- Born: Blas Olleros y Quintana 1851 Ávila, Spain
- Died: 1919 (aged 67–68) Florence, Italy
- Known for: Watercolourist
- Movement: Orientalist themes

= Quintana Olleros =

Spanish artist (1851–1919)

Blas Olleros y Quintana (1851 Avila, Spain − 1919 Florence, Italy) (alternative names: Olleros Quintana, Quintana Olleros, Bias Olleros y Quintana) was a Spanish figure painter and landscape painter who worked primarily in Italy as a watercolorist. He is best known for his Neapolitan scenes and Orientalist works.

==Life and career==
Blas Olleros was born in Piedrahita, in the Province of Ávila in central-Western Spain (approximately 60 km south of Salamanca and 200 km from Madrid) in 1851. In 1874, the Ávila City Council awarded a grant to Olleros enabling him to further his art education in Rome.
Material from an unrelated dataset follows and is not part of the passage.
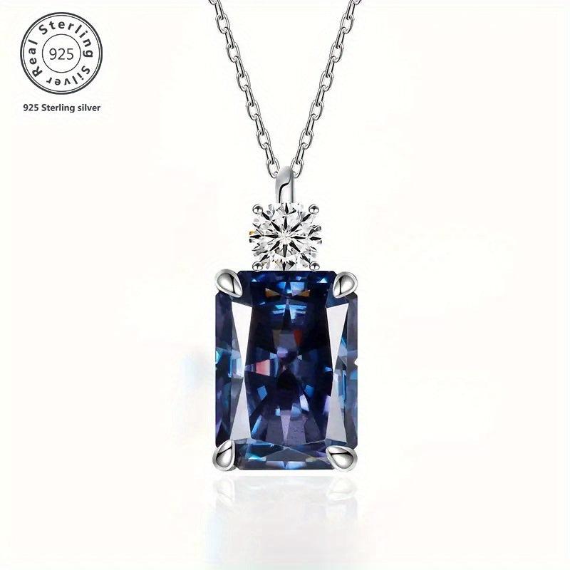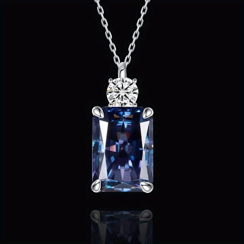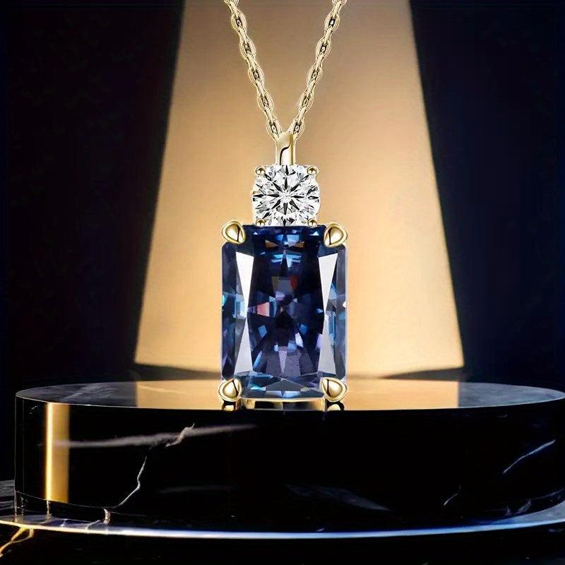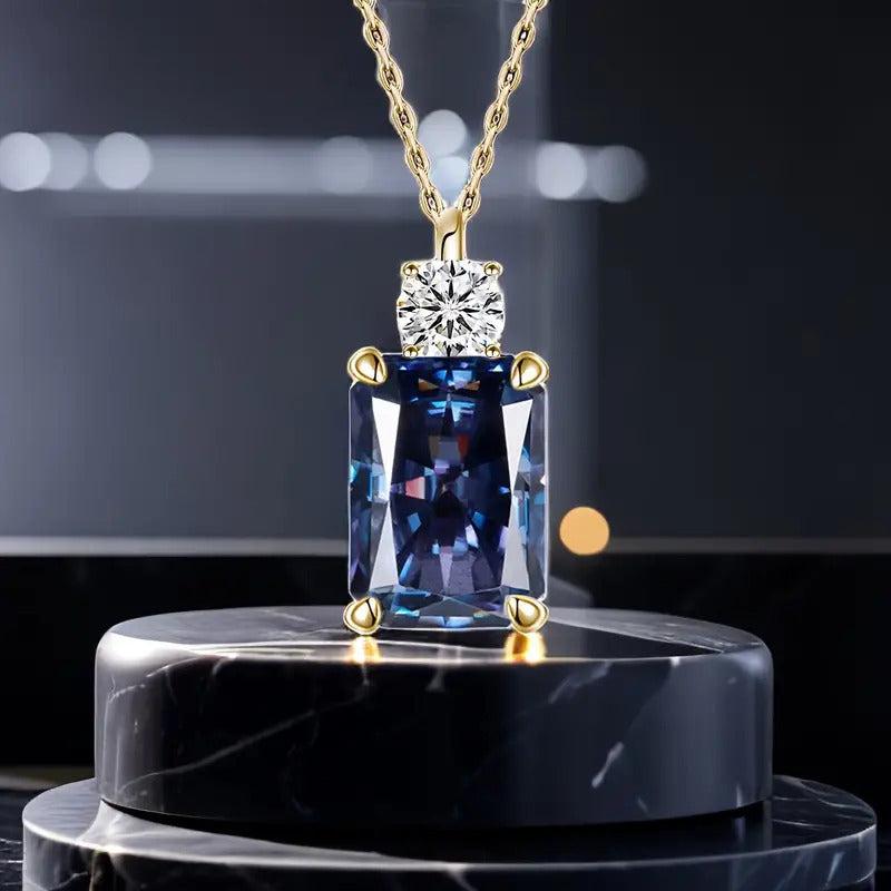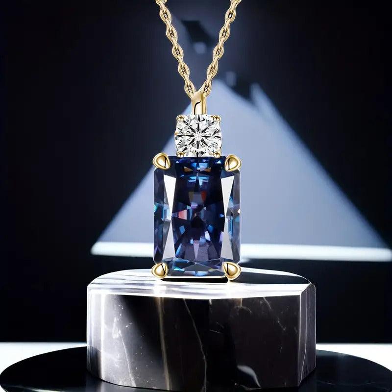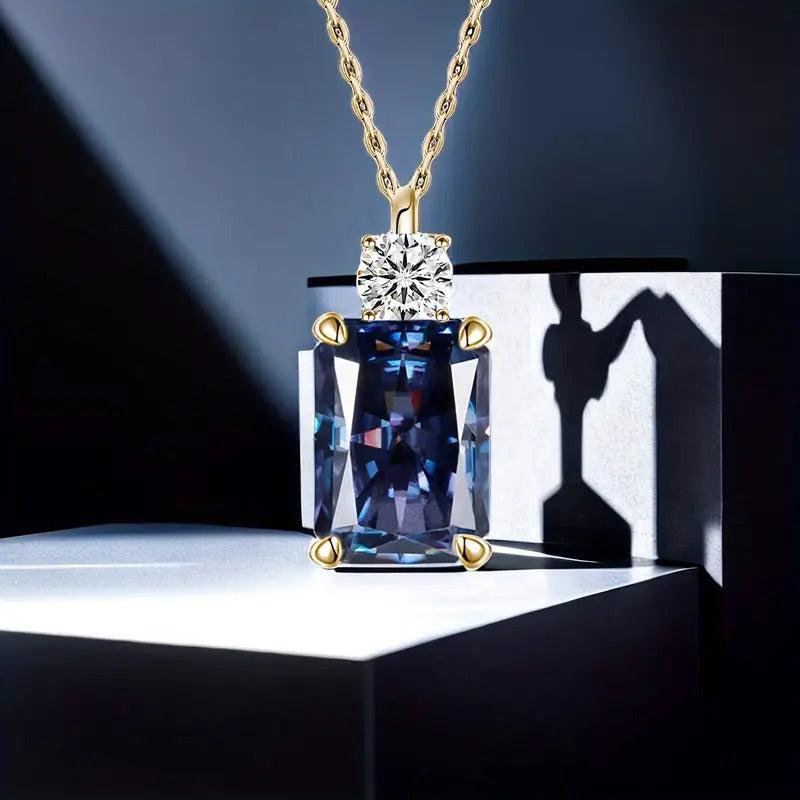 Add a touch of elegance to your look with this stunning pendant necklace featuring a rectangular tanzanite gemstone and D VVS1 round cut moissanite stone. Perfect for daily wear or special occasions.

In his first year in Rome, he completed the work, Nerón En un Jardin Recitando Rodeado de su Corte [Nero in a Garden Setting, Surrounded by his Court]. After completing his studies, he relocated to Paris for three years. During this period, he became acquainted with the Spanish portrait and genre painter Palmaroli who influenced Olleros’ work.

In 1881, he returned to Rome, where he met the Spanish painter Agustin Salinas and the pair became great friends. For much of the 1880s, Olleros resided in Naples, where he was known as “Il Improvvisatore” [The Improviser]. He adopted Italy as his new homeland, remaining there for most of his adult life.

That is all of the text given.